What is Attrition?
Attrition, in business, explains a gradual but intentional decrease in the number of personnel that occurs when employees retire or resign and are not replaced. The concept is also sometimes used to describe consumer or customer decline when they reach maturity beyond the target market of a product or company without being substituted by a younger generation.
How Does Attrition Work for Employees?
This form of personnel reduction is called a freeze for hiring. It's one of the ways through which a firm can reduce labour costs without disrupting layoffs. Naturally, reducing employees by attrition is less devastating to business morale.
However, if this leads to an increase in their workload, it can have a negative impact on the remaining employees. It can also restrict promotional incentives and movement within the organisation, resulting in an unhappy workforce or more turnover than expected.
How Does Attrition Work for Customers?
Attrition may also refer to a declining consumer base. Naturally, this is not deliberate. The word is most important when used to describe a product that has a shrinking customer base because its loyal customers are getting older, and younger consumers are not taking their place.
The attrition of customers is usually found when a company has not adapted its products to changing trends. Examples of firms that have failed to capture the younger generation of customers could be the Sears, a department store chain and the Oldsmobile car brand.
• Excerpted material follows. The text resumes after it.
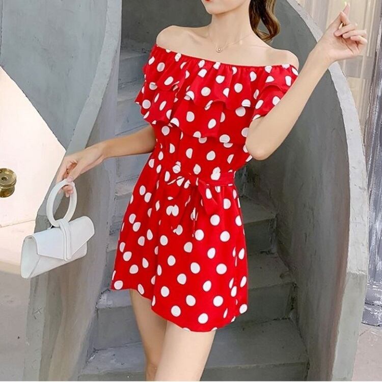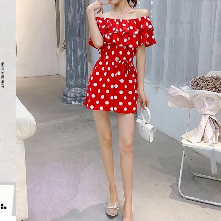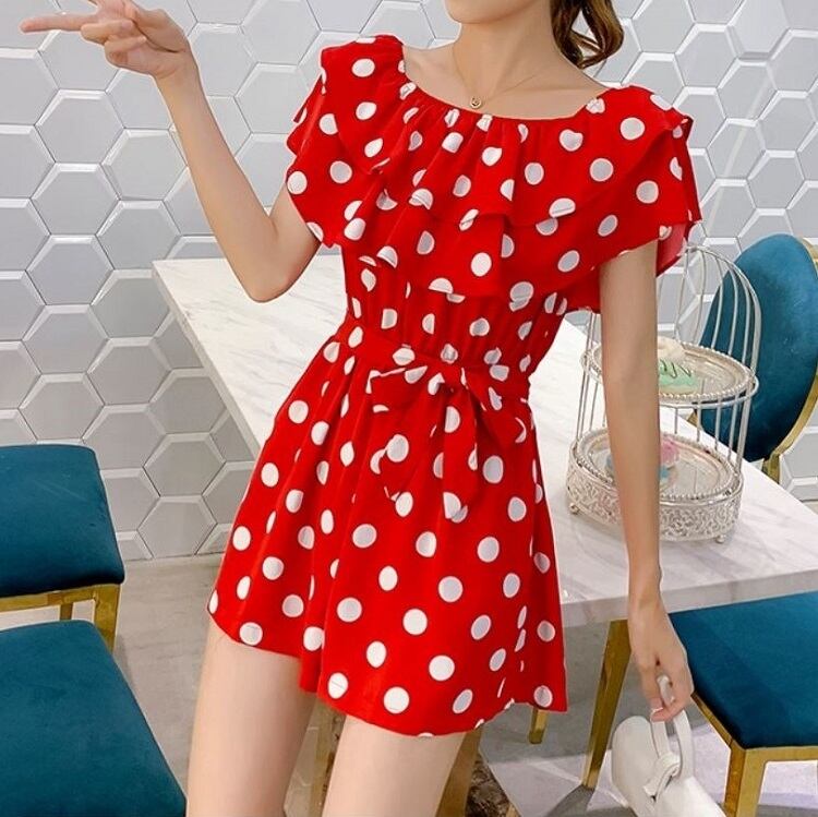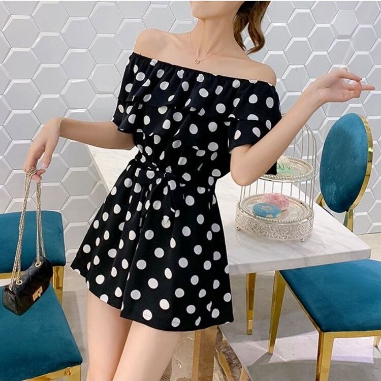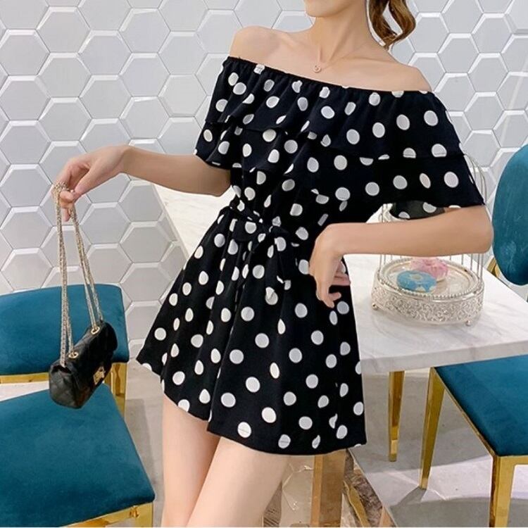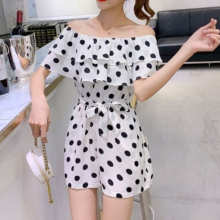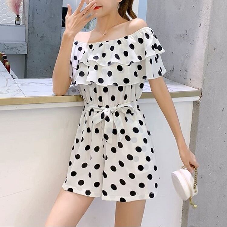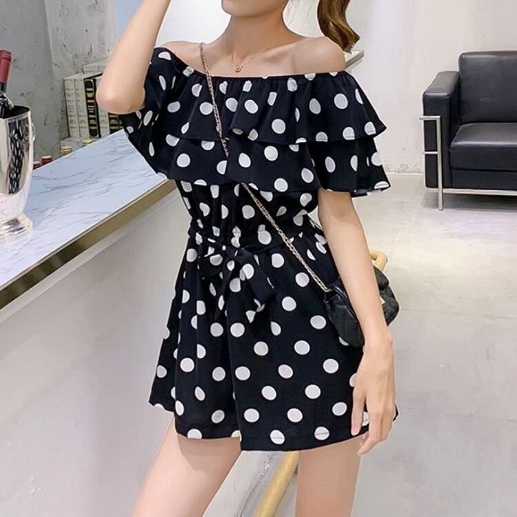 全3色 オールインワン ジャンプスーツ ショートパンツ ミニ丈 ドット柄 ラウンドネック オフショルダー フリル 半袖 ウエストリボン きれいめ カジュアル フェミニン お出かけ デート

Difference Between Attrition and Layoffs
Changes in management, organisational structure, or other aspects of the business operations can cause workers to leave voluntarily, resulting in a high attrition rate. The laying off of employees results in attrition as long as the company does not hire as many new employees as it has laid off immediately. For example, a company could cut its administrative staff by six to create a new six-strong internet team.
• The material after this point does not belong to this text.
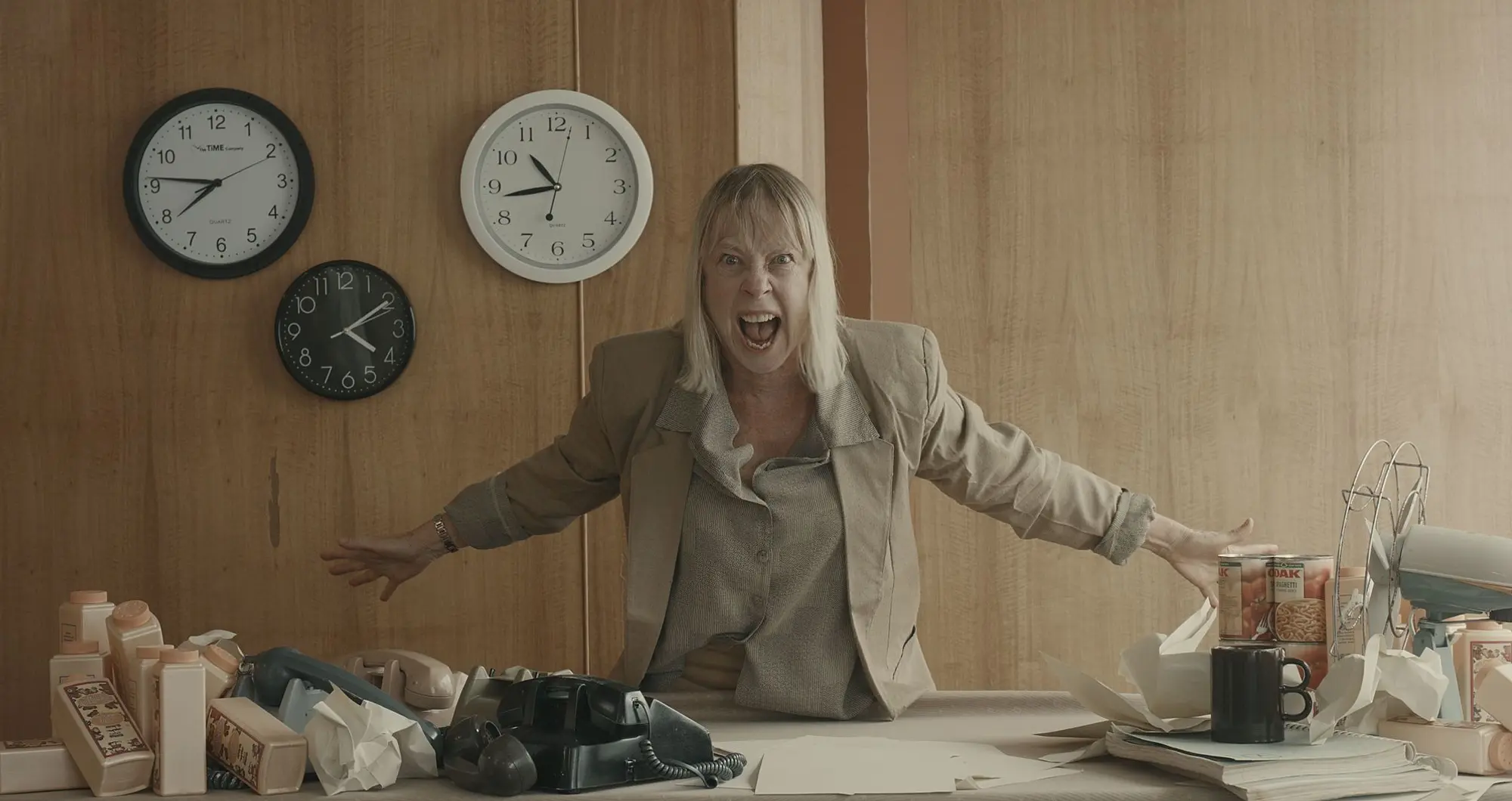 Robin Kelly’s beautifully-executed sound design thickens the atmosphere. Played through tinny mid-2000s computer speakers, his music often comes from different places, never predictable, often playing over itself. The cacophony pulls you in and out of the action but the boardroom staging places us directly in it, denying us the option to shy away. The actors use the opportunity to get close to us, sitting beside us, skulking over us, invading our personal space. This layering makes me uneasy and on edge; as the scenes progress, the dissonance builds and the dialogue contradicts itself and we’re thrust into chaos.

For many reasons, turnover occurs in an organisation. Only when the company chooses not to fill the vacant position, it can be considered attrition. When a business faces a financial crisis, it has to make tough decisions and slash its jobs in order to stay afloat. In such situations, the company may enforce a layoff without any plans to fill those positions again.
Unlike layoffs, there is a voluntary decrease in staff due to recruitment. The employee has decided to take up a new job, retire, or move to a new town. The unavoidable changeover takes advantage of an attrition policy to reduce total staff members.